“Look! Over there! At that shiny object!”

In a prime example of misdirection, Wal-Mart’s PR team came out yesterday proudly extolling the newly-energy-efficient truck fleet which the company claims will cut emissions significantly. Hooray for lower emissions! But there’s a fly on the windshield of this shiny new PR move: Wal-Mart still has not released the sustainability report that was supposed to come out almost a month ago. The reason for the delay? The company hadn’t realized how “complex” environmental-friendliness is. In addition, the company has failed to fulfill the vast majority of the 2005 promises to which this AP article alludes, including a promise to use more hybrid trucks, which emit even less CO2 than cleaned-up diesels. Whatever ovetures the company may make to going green, we want less spin, more action.
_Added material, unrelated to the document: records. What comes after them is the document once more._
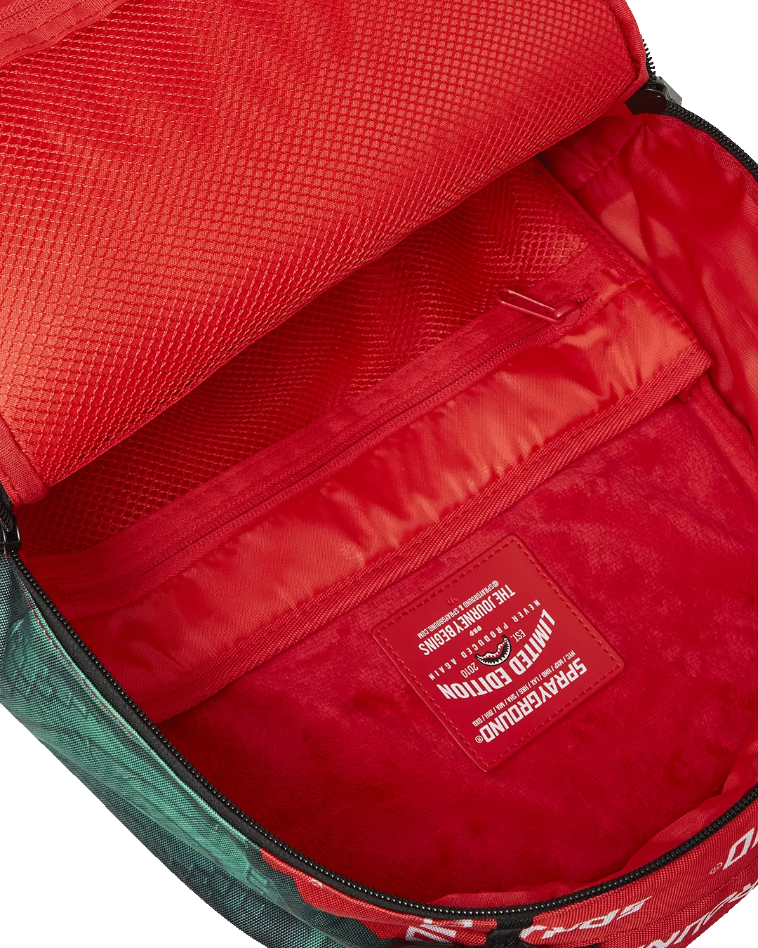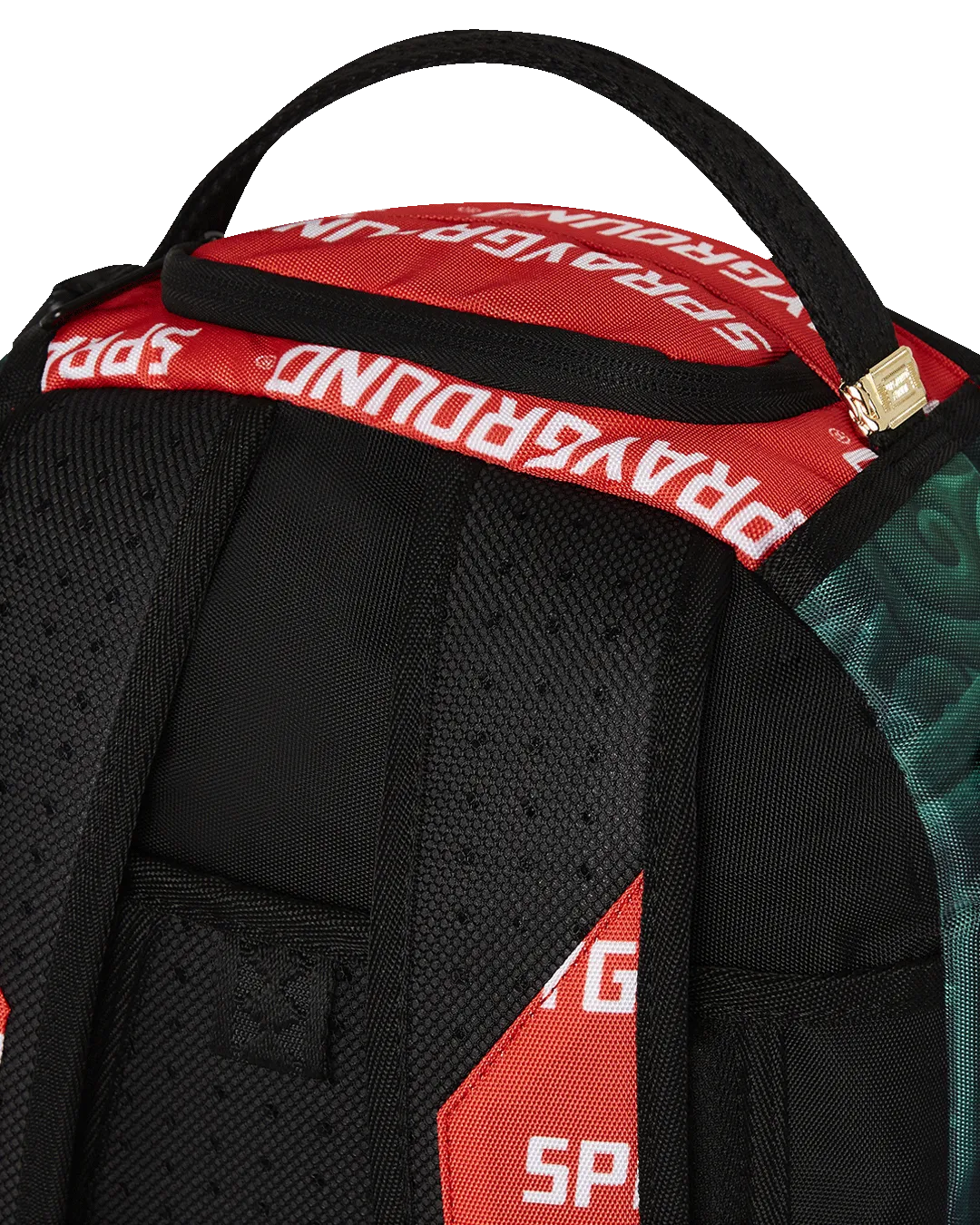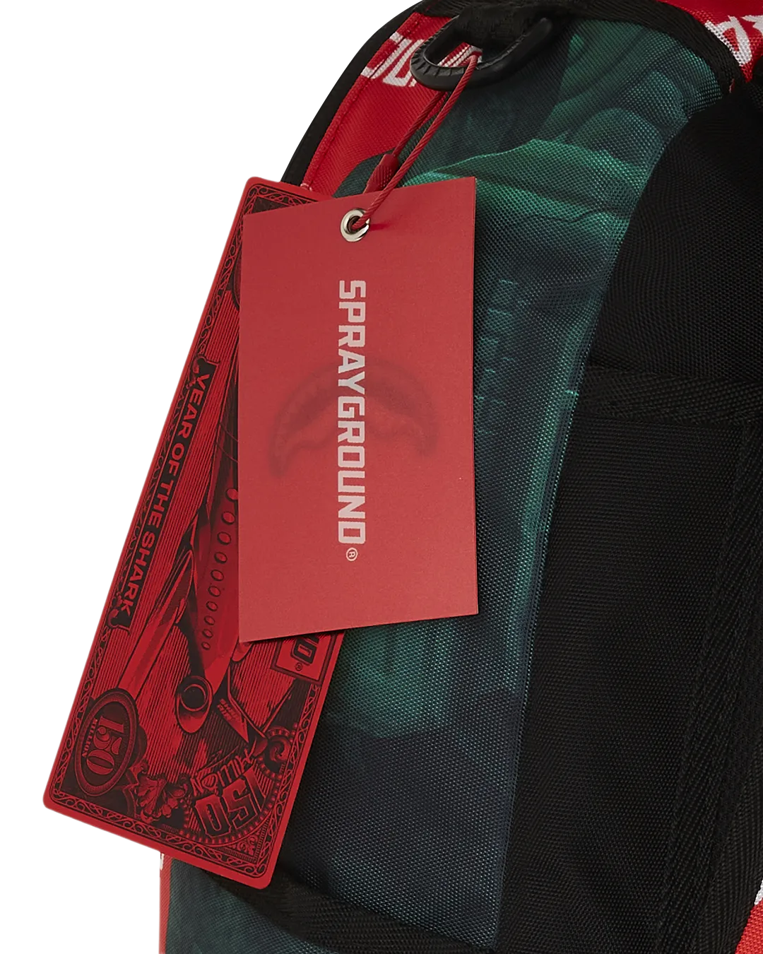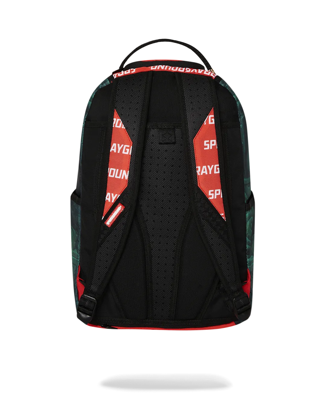 Dimensions: 18″ x 6″ x 11.5″ ? Front zipper pocket ? Side pockets ? Zippered Stash pocket ? Separate velour sunglass compartment ? Ergonomic mesh back padding ? Adjustable Straps for custom sizing ? Gold zippers with metal hardware ? Metal “Sprayground Authentic” badge ? Slide through back sleeve connects to carry-on luggage to free your hands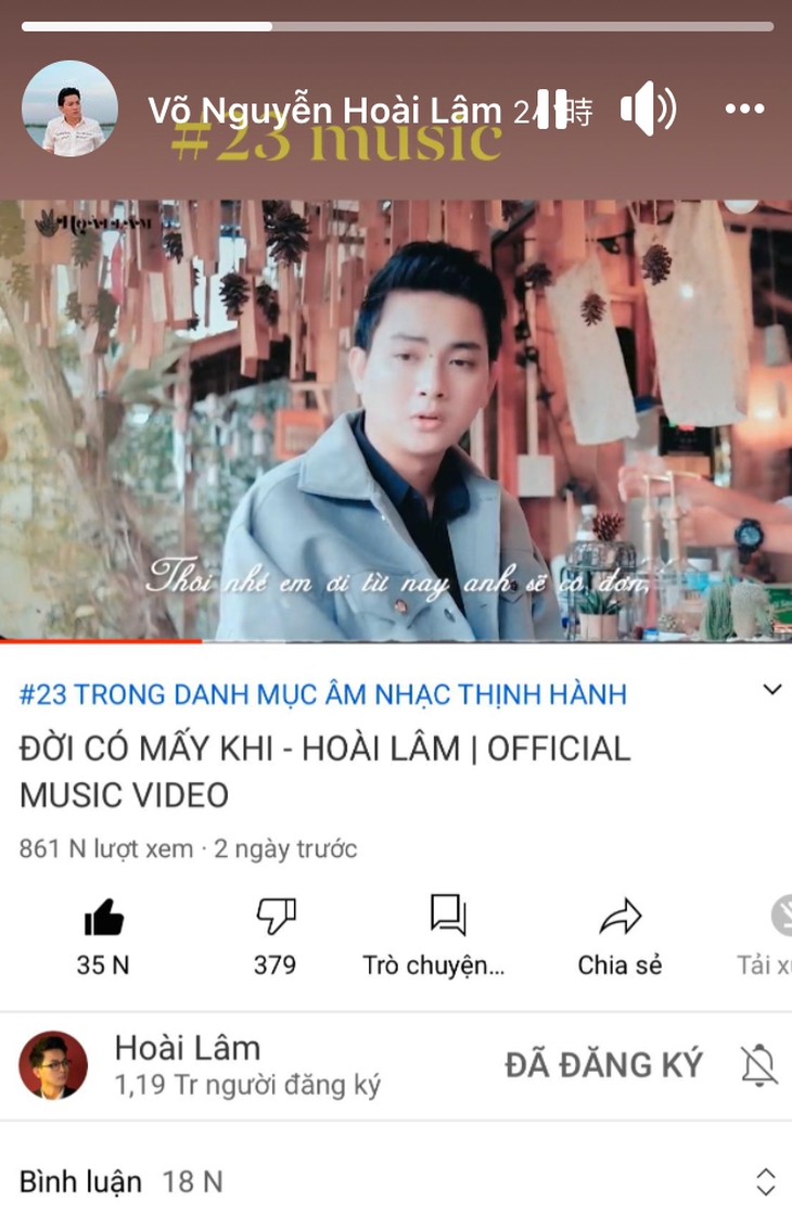 Điều duy nhất Hoài Lâm chia sẻ cách đây vài giờ là hình ảnh MV Đời có mấy khi, một ca khúc mới của anh đang chễm chệ ở top 23 trên tab thịnh hành của YouTube.
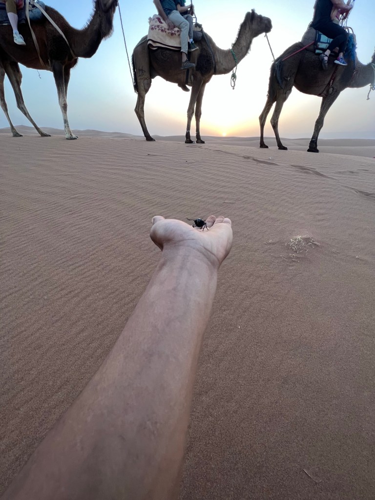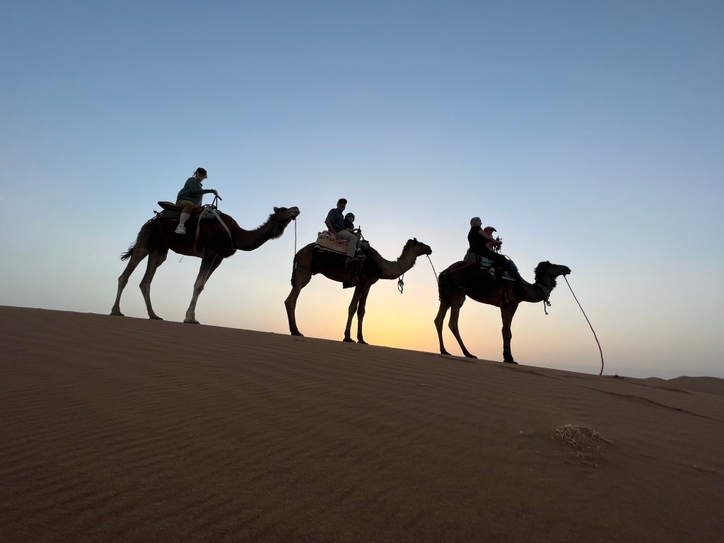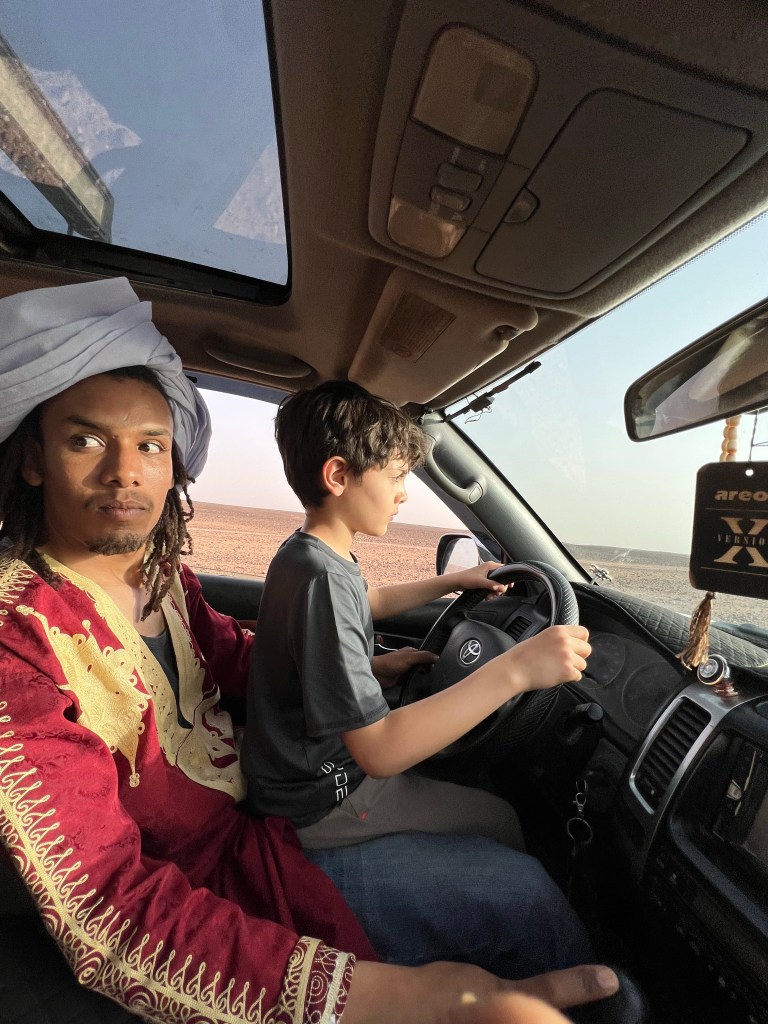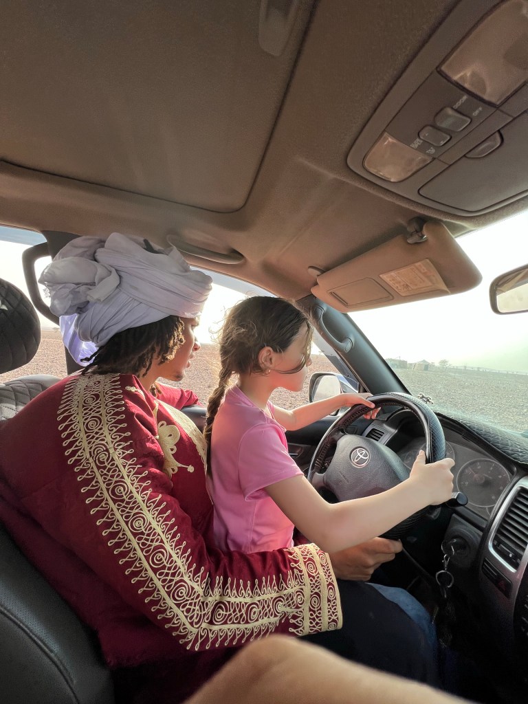 No transactions in the desert are rushed. Our soon to be guide serves us mint tea and dates and seats us comfortably and after the customary, lengthy pleasantries we discuss business. After much haggling, mostly in Arabic between he and my husband, we are lured to a more remote Berber camp with no tourists for an authentic experience. We had originally planned to leave from a closer town but what the hell, we are up for an adventure. We purposely kept our itinerary pretty loose so we could go with flow and change plans if we felt like it. And so just like that we set off into the desert. In a remote village called M’Hamid we ditch our car and hop into a jeep with Omar and skid across the sands into the true Sahara. Omar is always smiling and vibing. He plays his music loud; mostly local stuff with a true African beat and a hint of Reggae but he has Despacito on repeat and he sings every word in perfect Spanish.

Wal-Mart Truck Fleet Rolls Fuel Savings [Associated Press via Forbes]

Wal-Mart Chief Executive Lee Scott laid out ambitious environmental goals in late 2005 as the world’s largest retailer sought to burnish its reputation against mounting criticism.

Nearing the two-year mark, Wal-Mart Stores Inc. is still compiling a major report on how far it has come with the program overall, including reducing waste, using more renewable energy and stocking more green products.

But one division says it is already well under way to meet its goals. Wal-Mart’s fleet of about 7,200 semitractor-trailer trucks is already about 15 percent more fuel efficient and the company knows what changes it needs to make to meet a target of 25 percent by late next year.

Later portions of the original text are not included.